The gate guard is a `PreToolUse` hook that mechanically blocks `Edit`, `Write`, and `NotebookEdit` while the active epic has `reconcileNeeded: true`. It is:

* **On by default** — no configuration required.
* **Unconditional** — it fires regardless of the repo's `gateGuard` setting. `set-gate-guard off` no longer bypasses this specific check; that flag is reserved for any future generalization of the hook mechanism.
* **The only path past it** — run the reconcile gate and call `record-reconcile`. There is no override flag.

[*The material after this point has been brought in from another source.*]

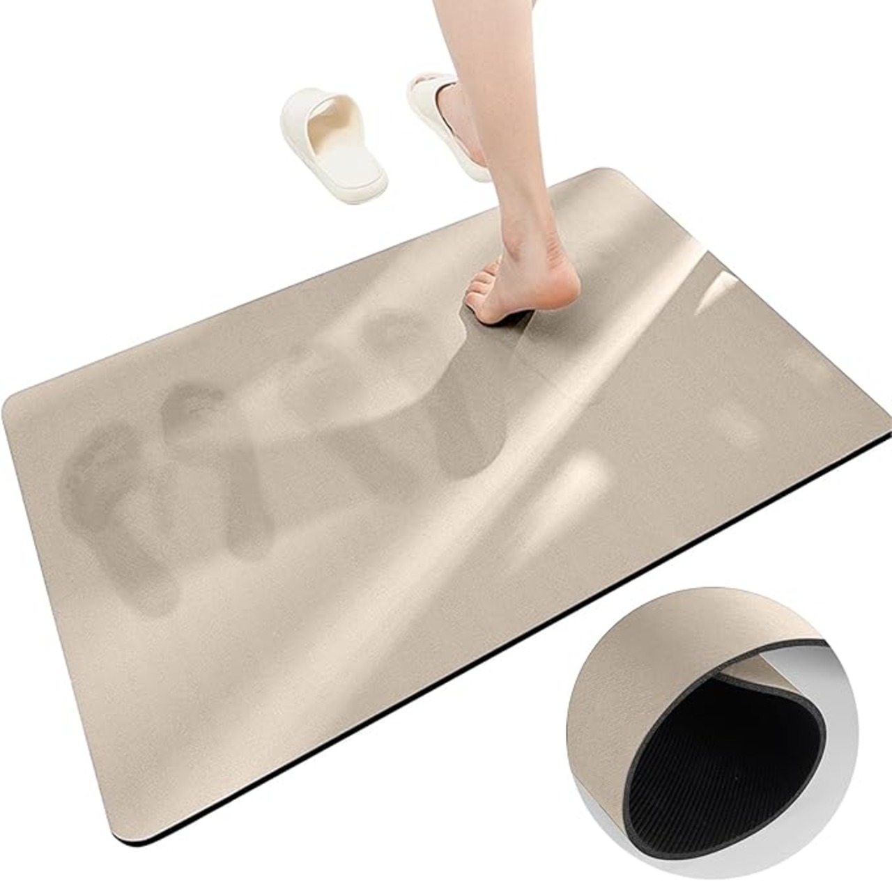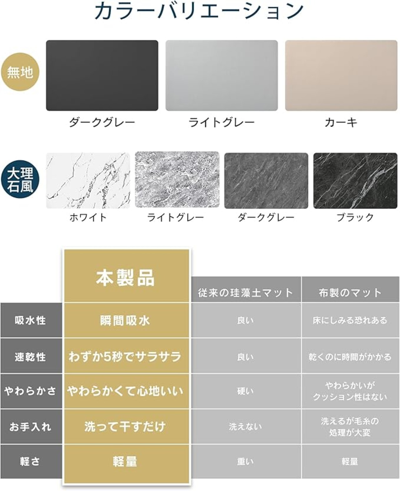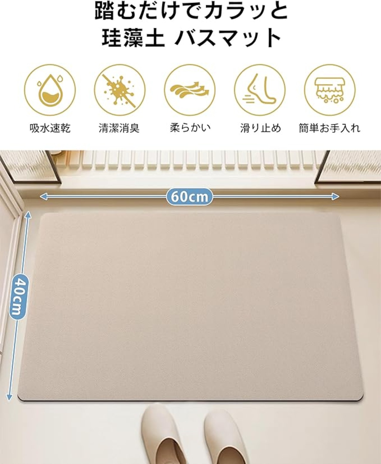 【柔軟で快適なバスマット】 従来の硬い珪藻土バスマットとは一線を画す、柔らかな肌触りと心地よい使用感が特徴です。また、安定した滑り止め効果があり、安全性を確保します。足元へのやさしさと安定感を兼ね備えた究極のバスルームアイテムです。

This means the gate guard is a genuine enforcement mechanism, not a reminder. An agent mid-task cannot accidentally start writing code on a stale plan because a hook blocks the write at the tool level before any edit reaches the filesystem.

<Note>
  The reconcile gate applies to all lanes whenever a detour is popped with `reconcileOnResume: true`. The OpenSpec two-gate review (Gate 1 / Gate 2) described below is a separate, additional mechanism specific to `openspec`-lane epics only.
</Note>

## OpenSpec two-gate review

For `openspec`-lane epics, PM enforces two separate gate reviews across the epic's lifecycle — independent of the detour reconcile gate:

| Gate       | When                                              | Purpose                                                                                  |
| ---------- | ------------------------------------------------- | ---------------------------------------------------------------------------------------- |
| **Gate 1** | Before code is written, after the spec is drafted | Fresh-context spec review. Catches design problems before any implementation investment. |
| **Gate 2** | After implementation, before docs/archive         | Fresh-context implementation review. Required to archive.                                |

Both gates are recorded with:

```bash theme={null}
node "$ENGINE" record-gate-review <epicId> --gate 1|2 --verdict pass|fail [--reviewer "<note>"]
```

This writes `{verdict, reviewedAt, note?}` onto `epic.gateReview.gate1` or `epic.gateReview.gate2` in `state.json`. Gate 2 is mechanically enforced: `update-epic <id> --status archived` **rejects** the transition for any `openspec`-lane epic that doesn't already have a `gateReview.gate2.verdict === "pass"` recorded. Gate 1 is not itself required at archive time (it gates code, which already happened earlier), though recording it is good practice.

Non-`openspec`-lane epics (`superpowers`, `claude-code`, `decision`, `external`) are completely unaffected by the two-gate check. It never runs for them.

An autonomous epic still requires `record-gate-review` to be called after each real gate review — narration alone in the conversation transcript does not satisfy the archive-time check, and there is no bypass flag.